A comienzo de este año asistimos a la edición del último volumen responsable de la dupla Aguilar y Cabrerizo; su definitivo, y no solo por la cantidad de páginas, La Codorniz, subtitulado De la revista a la pantalla (y viceversa). En él, sus autores establecen sin sombra de duda que: 1) Los creadores que pasaron por aquella revista estuvieron relacionados de una u otra forma con el cine, 2) Fueron los responsables de un «Nuevo Humor» que empezó siendo una cosa y terminó siendo otra, y 3) A pesar del cambio, siguió siguiendo Nuevo Humor, en la revista, y en el cine. 

¿Y qué es, resumiendo, ese nuevo humor, que tanto proclaman dentro de La Codorniz?
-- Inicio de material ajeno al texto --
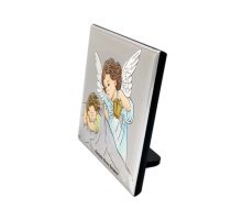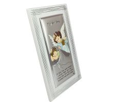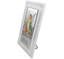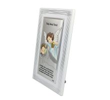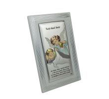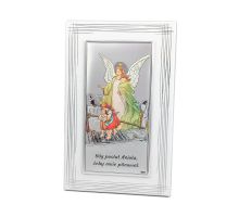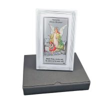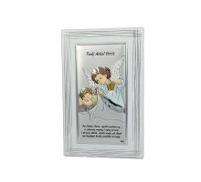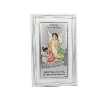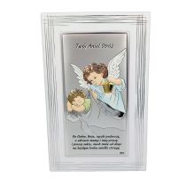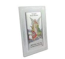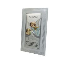 Anioł Stróż z latarenką nad dzieckiem - kolorowy srebrny obrazek DS02F/C z modlitwą na białym drewnie
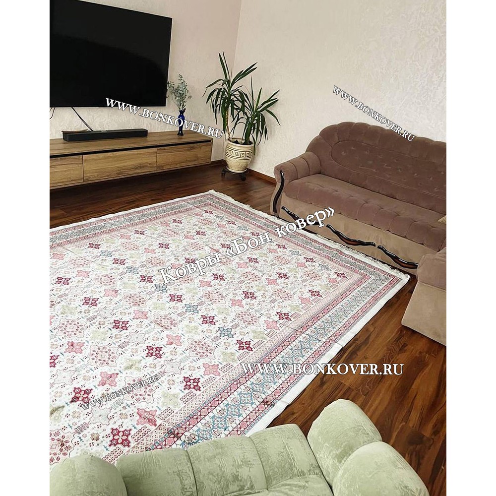 21.09.2019 Читать полный отзывХороший качественный ковер. Простой на первый взгляд рисунок при более детальном рассмотрении оказывается довольно интересным. Неброский, но и не скучный – достойно вписался в интерьер комнаты, отлично оживил обстановку. Чистка не требует особых усилий.
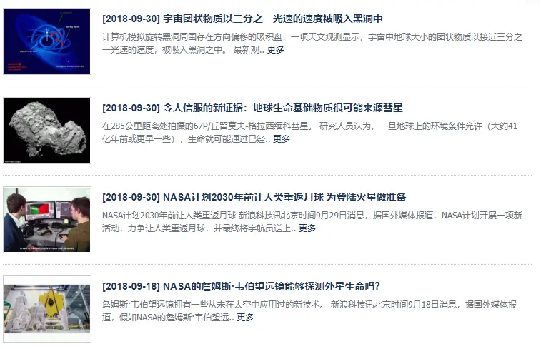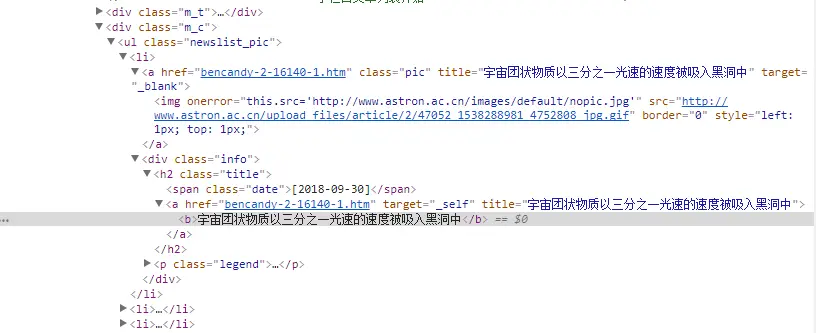 以 www.astron.ac.cn/list-2-1.ht… 为例,光标移动到第一篇文章的标题 “宇宙团状物质以三分之一光速的速度被吸入黑洞中” 处,
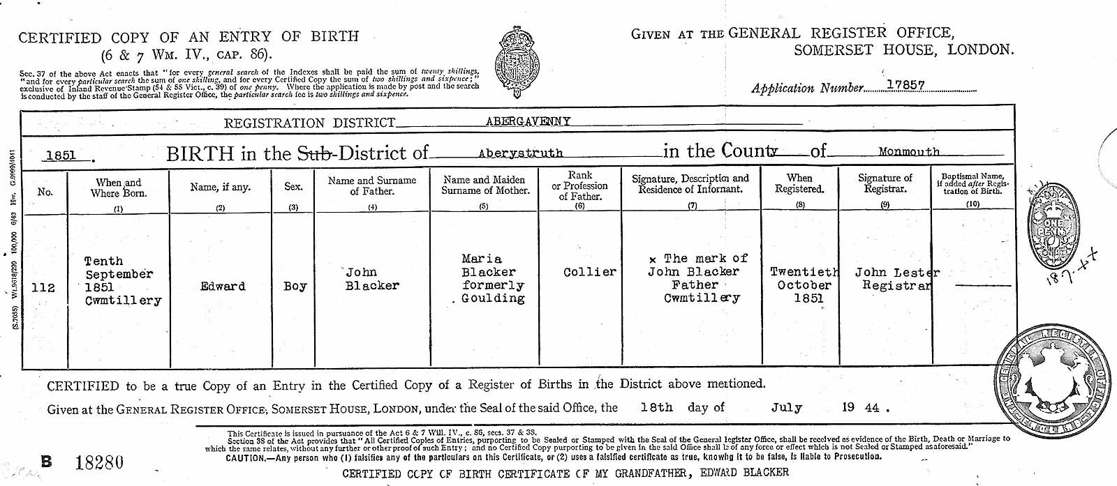 Now that we have the story of how the Wilkes's arrived in Afton, we will go back in time to England to find our Blacker ancestors. On the 18th of July, 1841, in Bristol, England, John Blacker and Maria Gould were married.(Mention might be made of the tradition in the Blacker families, that the name "Maria", is pronounced with a long "i" sound) Their sixth child, Edward, was our direct ancestor, and was born Sept 10,1851 in Cwmtillery, (Coom-till-ARY) after the family moved from England to Wales, continuing to work in the coal mining industry. At times, Monmouthshire, the county in which he was born, was claimed by England, but at other times, as part of Wales, hence the confusion as to the country of his birth. Eventually, the family moved to Mountain Ash, Wales, where Edward met and fell in love with a young lady by the name of Merintha Althera Loveday
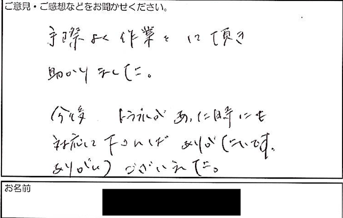 手際よく作業をして頂き助かりました。 今後、トラブルがあった時にも対応して下さればありがたいです。 ありがとうございました。
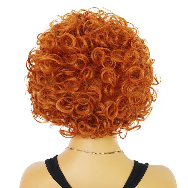 HUNIGIR Orange Curly Wig Women Short Afro Wig 70s Orange Wig for Unisex Adult Heat Resistant Synthetic Cosplay Halloween Costume Wig (Orange)
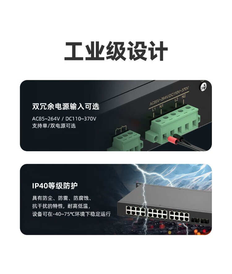 移星(MoweStar)工业级以太网百兆千兆交换机16口24口28口单模/多模光纤收发器 网络集线器光电转换器1U机架式220V ES3028-4GC 4千兆光24百兆电机架非管理 单路AC/DC220V供电
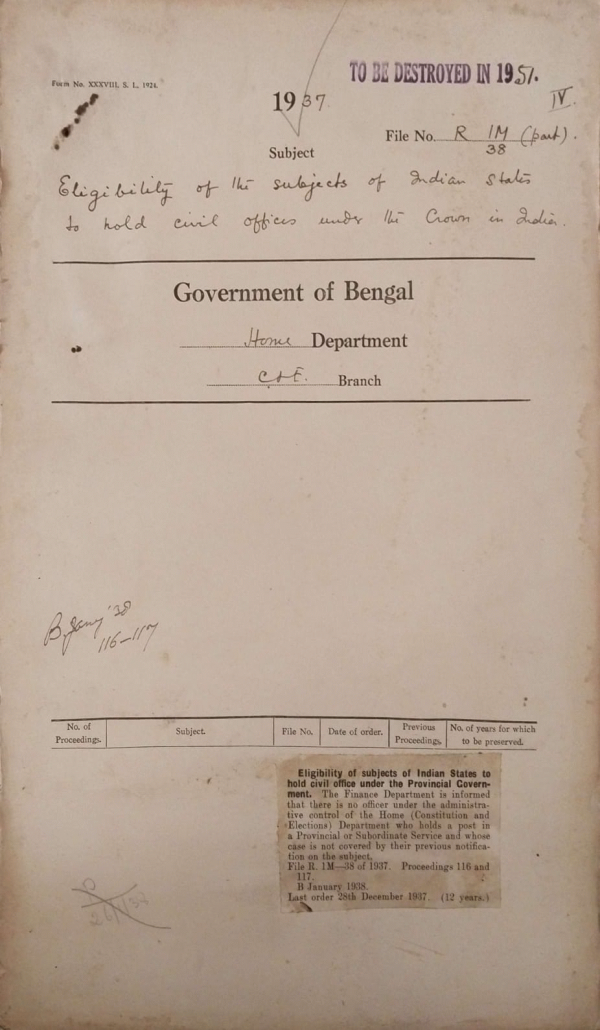 Eligibility of Subjects of Indian States to hold civil office under the provincial Government.
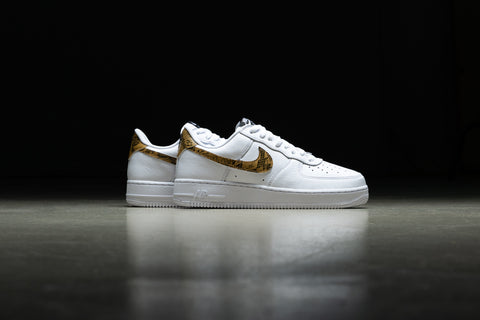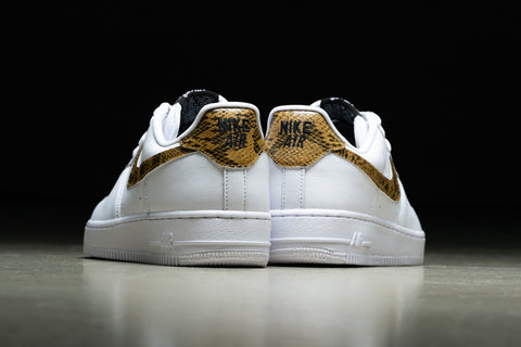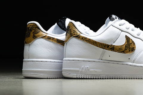 NIKE IS RE-RELEASING THE AIR FORCE 1 'IVORY SNAKE,' ORIGINALLY DEBUTED EXCLUSIVELY IN ASIA IN 1996. THIS PREMIUM VERSION FEATURES A CLEAN WHITE LEATHER UPPER WITH BROWN SNAKESKIN DETAILS ON THE SWOOSH AND HEEL TAB, COMPLEMENTED BY RETRO "NIKE AIR" BRANDING ON THE HEEL TABS AND A BLACK-AND-WHITE TONGUE TAG, STAYING TRUE TO ITS SIMPLISTIC DESIGN FROM THE MID-'90S.
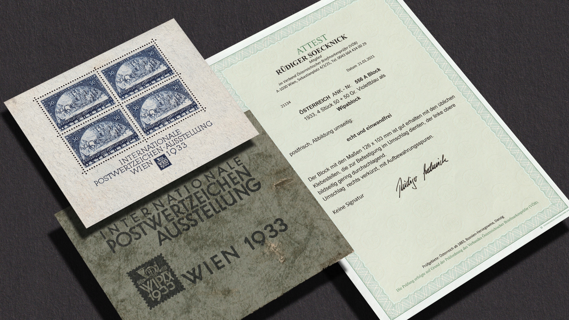 Austria I Wystawa WIPA Blok ** + Folder + Certyfikat 1933
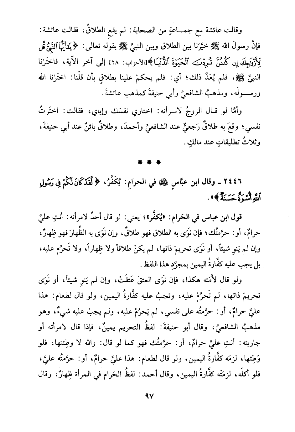 2446 - وقال ابن عبَّاسٍ - رضي الله عنهما - في الحرامِ: يُكَفَّرُ، {لَقَدْ كَانَ لَكُمْ فِي رَسُولِ اللَّهِ أُسْوَةٌ حَسَنَةٌ} ".
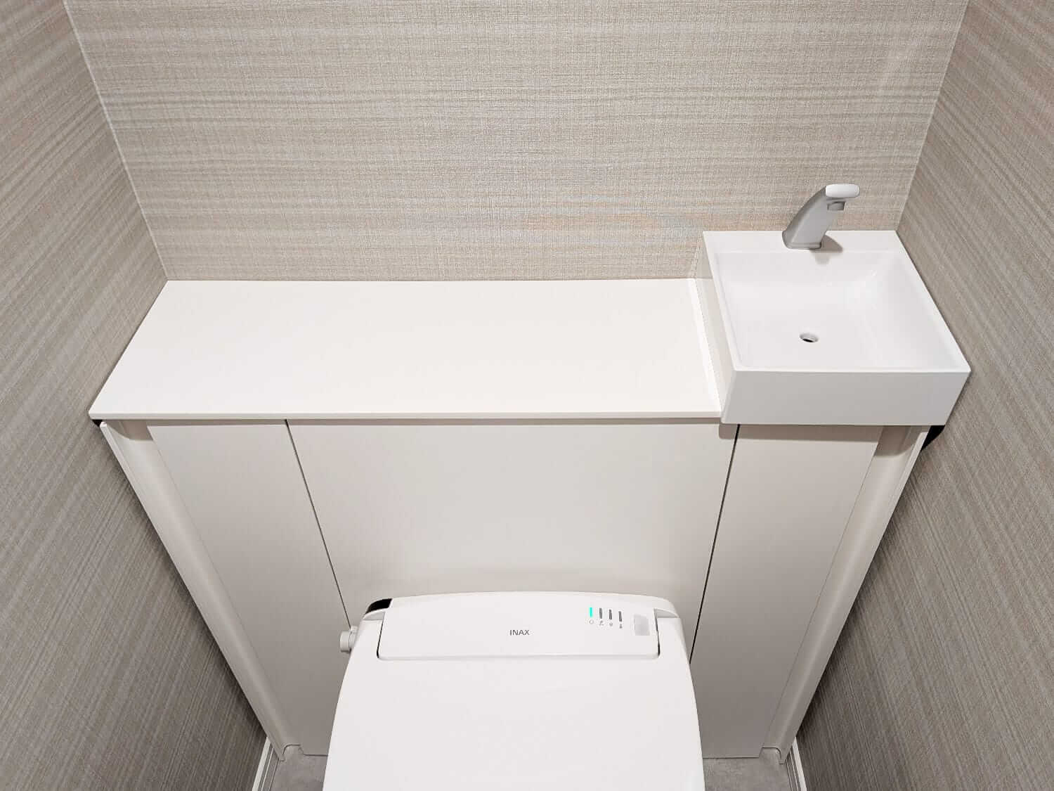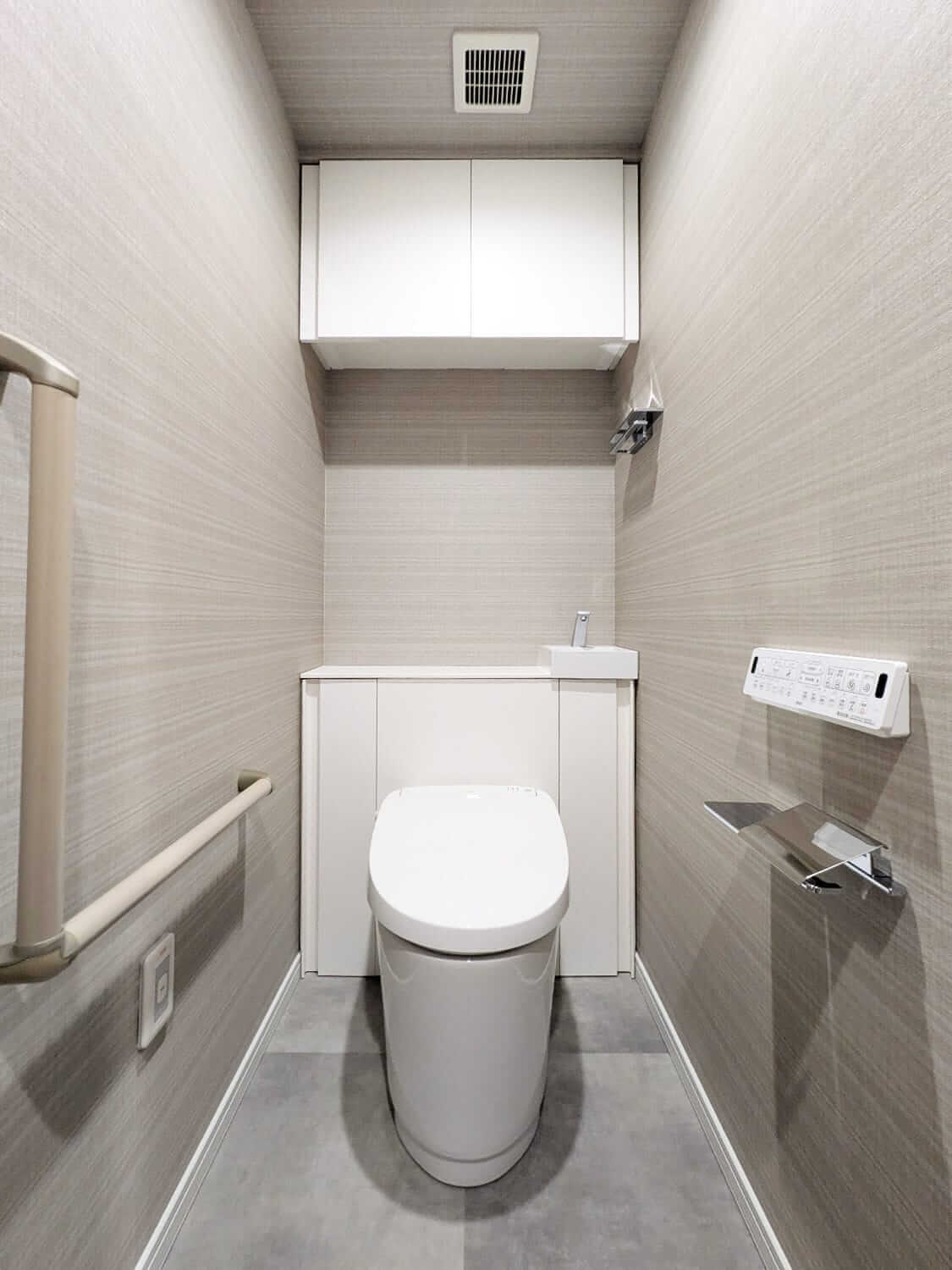 廊下に面したレストルーム。タンクレスのようなデザインですっきりとした印象です。ウォシュレット、収納スペースも備わっています。

Pues prescindir de las figuras habituales (sacadas del folclore) para no caer en el «paisanaje», no hacer chistes tradicionales, sí en cambio abrir el foco a otros países y traer las nuevas olas de humor que estaban haciendo en Italia, Francia, Reino Unido,  y que están profundamente unidas a los nuevos movimientos literarios, que son muy bien conocidos por quienes fundan y sacan el domingo 8 de junio de 1941 el primer número de esta revista humorística, que debe su nombre a ser la contrapartida de La Ametralladora, revista en la que estaban casi todos los que la fundan, y que termina poco antes. Porque el nuevo humor ya existía, se venía pergeñando en aventuras anteriores. Miguel Mihura le pide la portada a Tono; y a Herreros la contraportada y la rotulación.

Su formato: 26 x 35 cm., como los periódicos de información general, y veinticautro páginas grapadas a caballete. Hasta 1977 los presentaban sin foliación, y en dos tintas (negro y rojo). En los primeros años la portada era siempre igual, la mancheta en rojo en la parte superior con las letras de codorniz. Luego en la gran parte central un chiste, y en lo que sobraba del título con la esquina izquierda, un espacio en negro donde se ponía desde información sobre la revista o chistes. A veces se ponían tonos sonrosados en los personajes. Más adelante, la portada se fue deconstruyendo. Y la parte interior, también.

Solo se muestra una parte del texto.